Name	Description	Type	Stochastic Model		Source
			Expected Value	COV
HS	Annual extreme sign. wave height	G	5.68 m (3.80 m)	0.02 (0.1)	[21,22]
Xmeas	HS measurement unc.	LN	1	0.03	[23]
Wplatform	Weight platform	N	375 tons (100 tons)	0.1	[3,14]
f	Friction coefficient	LN	0.4	0.15	[3]
Xm,s, Xm,ot, Xm,lb, Xbc	Model uncertainties static approach	LN	1	0.1	[3,11]
CD	Drag coefficient	LN	1	0.2	[11]
CM	Inertia coefficient	LN	2	0.15	[11]
XM	Model unc. Morrison Equation and water depth limits and linear wave model	LN	1	0.3	[11]
ρair	Density air	D	1.225 kg/m3
ρwater	Density water	D	1,000 kg/m3
ρsteel	Density steel	D	7,800 kg/m3
ρconcrete	Density concrete	D	2,300 kg/m3
r	Rate of interest	D	5%
l	Length pile	D	29 m (20 m)		[14]
h	Height foundation	D	1.5 m
L	Width Wavestar	D	17 m		[14]
A	Cross-section area Wavestar	D	455 m2 (210 m2)		[14]
C	Extreme individual wave height factor	G	1.86	0.09	[15]
Xst	Climate uncertainties	LN	1	0.05	[11]
K	Current velocity multiplicator	N	0.02	0.2	[24]
E	Young’s modulus steel	LN	2.1e5 MPa	0.02	[4]
XE	Model unc. Young’s modulus	LN	1	0.02	[4]
FY	Yield stress steel	DLN	240 MPa	0.05	[4]
XFY	Model unc. yield stress	LN	1	0.05	[4]
Xcr	Unc. critical load capacity	LN	1	0.1	[4]
ϕ	Friction angle	D	200
Xϕ	Unc. friction angle	LN	1	0.1	[11,25]
γ	Effective unit soil weight	LN	18 kN/m3	0.1	[11]
c	Soil cohesion	LN	80 kN/m3	0.4	[11]
XNγ	Model unc. Nγ	LN	1	0.06	[18]
XNc	Model unc. Nc	LN	1	0.3	[26]

.

The buoyancy force, F_b, of a hollow pile, which is filled with water, and a cylindrical foundation can be calculated in the following way:

$$F_b={\rho }_{water}g\pi (Dt(H_W-h)+R^{2}h)$$

(10)

where H_W is the water depth, ρ_water the water density, h the height of the foundation (=1.5 m) and D, t and R the optimization parameters.

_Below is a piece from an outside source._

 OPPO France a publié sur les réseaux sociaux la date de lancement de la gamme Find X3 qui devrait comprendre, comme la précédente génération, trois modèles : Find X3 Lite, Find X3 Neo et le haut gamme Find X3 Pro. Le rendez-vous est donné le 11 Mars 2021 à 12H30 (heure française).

Important for the limit states are the horizontal loads due to wind, current and waves. The wind load (F_wi) only acts on the platform of the device and can be calculated as:

$$F_{wi}=0.5{\rho }_{air}{C}_{D}A{V}_{wi}^2$$

(11)

where A is the cross-sectional area of the platform, ρ_air the air density, C_D the drag coefficient of the platform and V_wi the wind speed, which can be modeled conditional on the annual extreme significant wave height, as the wave load is the dominating load.

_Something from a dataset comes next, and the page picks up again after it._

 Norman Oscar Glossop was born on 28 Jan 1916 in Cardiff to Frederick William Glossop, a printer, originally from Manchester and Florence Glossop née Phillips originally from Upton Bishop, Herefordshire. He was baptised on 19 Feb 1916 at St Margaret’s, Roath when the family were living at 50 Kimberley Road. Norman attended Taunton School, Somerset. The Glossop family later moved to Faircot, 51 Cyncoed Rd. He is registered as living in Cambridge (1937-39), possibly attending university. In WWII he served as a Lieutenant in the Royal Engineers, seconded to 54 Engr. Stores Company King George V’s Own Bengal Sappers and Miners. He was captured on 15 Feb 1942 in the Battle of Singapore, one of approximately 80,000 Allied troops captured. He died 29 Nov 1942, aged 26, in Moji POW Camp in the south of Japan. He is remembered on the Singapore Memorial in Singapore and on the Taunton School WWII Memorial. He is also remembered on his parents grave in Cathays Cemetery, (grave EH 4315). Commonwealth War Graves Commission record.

The total wave and current load on the pile is calculated based on Morison’s Equation and linear deep water wave theory:

$$F_{Morison}=\frac{\pi }{4}{\rho }_{water}{C}_M{D}^2{\displaystyle {\int }_{-H_W}^{H/2}{\dot{U}}_X(z)dz{X}_m+0.5{\rho }_{water}{C}_{D}D}{\displaystyle {\int }_{-H_W}^{H/2}{[V_c+U_X(z)]}^{2}dz{X}_m}$$

(12)

where U_X(z) is the horizontal wave-induced particle velocity, H_W is the mean water depth, H the considered wave height and V_c the current speed, which is assumed to be constant over depth. The modeling uncertainty, X_m, represents the model uncertainty considering deep linear theory instead of non-linear depth-limited waves. For estimating velocities above the mean water depth, Wheeler stretching [16] is used.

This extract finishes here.